In Pittsburgh, Allegheny County Judge Joseph Williams has caused a controversy by rejecting a plea bargain on the ground that it is the type of deal that “only goes to white boys.” The plea agreement involved three months probation for a man accused of fighting with police during a traffic stop.
In the hearing, Judge Williams (who is African American) rejected the plea agreement on the grounds that it was “a ridiculous plea that only goes to white boys.” He said that a black defendant would never have been given such a plea agreement. He further accused Assistant District Attorney Brian Catanzarite of racial bias, observing that he “for some reason comes up with I think ridiculous pleas whenever it’s a young white guy.” He continued “I’m just telling you what my observation is.

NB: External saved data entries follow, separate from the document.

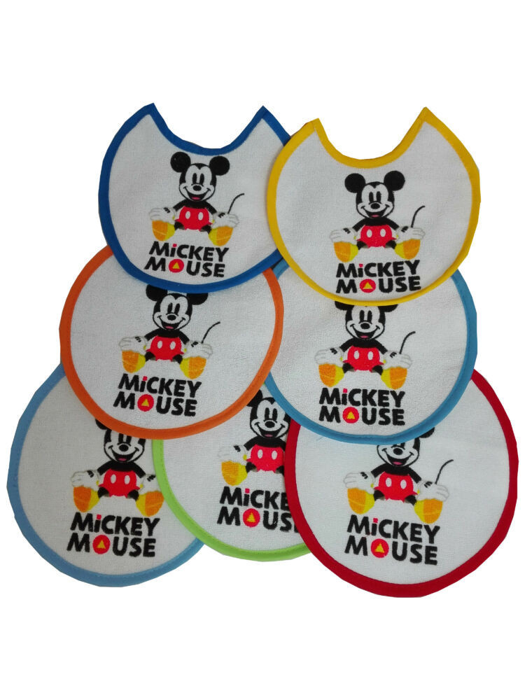 Mickey egér baba előke 7 darab/csomag - pamut előke - 16x16 - világoskék-középkék-sötétkék-sárga-narancssárga-piros-zöld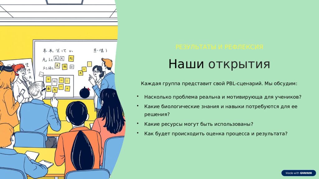 РЕЗУЛЬТАТЫ И РЕФЛЕКСИЯ Наши открытия Каждая группа представит свой PBL-сценарий. Мы обсудим: Насколько проблема реальна и мотивирующа для учеников? Какие биологические знания и навыки потребуются для ее решения? Какие ресурсы могут быть использованы? Как будет происходить оценка процесса и результата?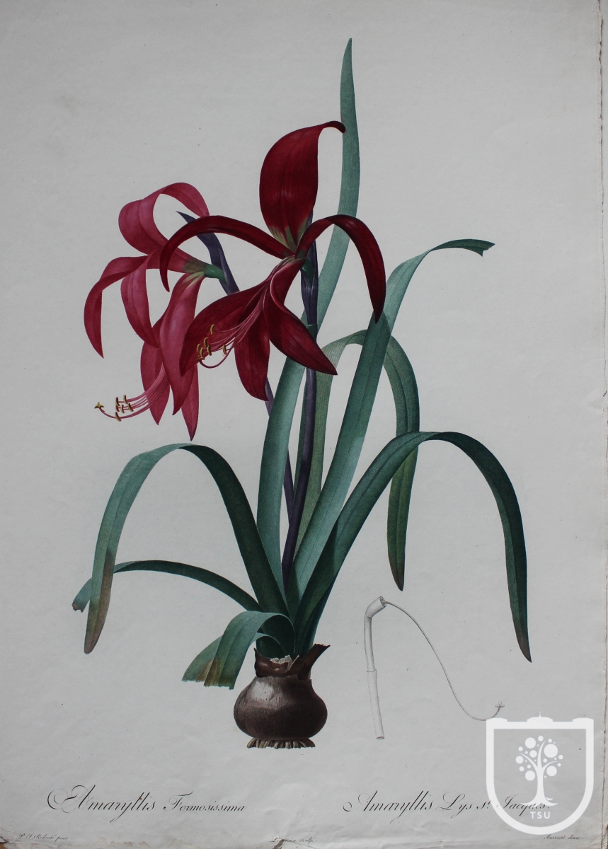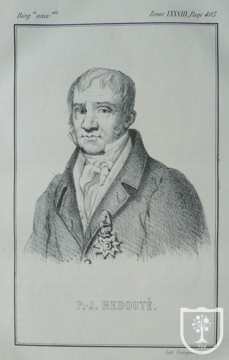 В Научной библиотеке ТГУ в составе книжного собрания Г.А. Строганова был полный комплект «Лилейных», т. е восемь томов в фолио, по десять выпусков в каждом томе. Издание выбыло из фонда университетской библиотеки в 1930 г. в результате изъятий, проведённых так называемой «ударной бригадой» Совнаркома. Экземпляр, оставшийся в библиотеке, неполный, он включает выпуски 1, 3-5; состоит из вступительной статьи, 24 гравюр и пояснений к ним. Благодаря этому обстоятельству мы имеем возможность de visu составить представление о прекрасной работе Пьера Жозефа Редуте, которого современники называли «Рафаэлем цветов».

If this had been a black kid who did the same thing, we wouldn’t be talking about three months’ probation.” The first problem, the prosecutor noted, is that it was not his deal — Catanzarite was standing in for another prosecutor and did not cut the plea deal.
Catanzarite was not backing down from the allegation, however. He stated “[n]ow that the court has essentially called me a racist, I think that’s unfair. I don’t make offers based on race. I make offers based on facts.”
Williams later recused himself and another judge (who was white) accepted the plea agreement.
It is hard to judge the leniency of the plea from the known facts. In favor of the plea, the defendant had no criminal record. He pleaded guilty to disorderly conduct. We have seen that in some cases officers charge assault with even the most limited contact with a defendant. It is not clear if this involved something more serious.
I would be surprised if the police would allow a prosecutor to plead out a serious assault case against an officer — or that the police union would remain silent in such a circumstance. In this case, the officer was not injured and agreed to the plea agreement.
Catanzarite’s legal options are limited. In-court statements are generally privileged and cannot be the basis for defamation actions. If the judge makes such statements outside of the courtroom, he could face such a lawsuit. Catanzarite could also file for judicial discipline in such a circumstances.
The judge, however, is not without supporters in this controversy with some people applauding him for objecting to the disparate treatment given white and black defendants.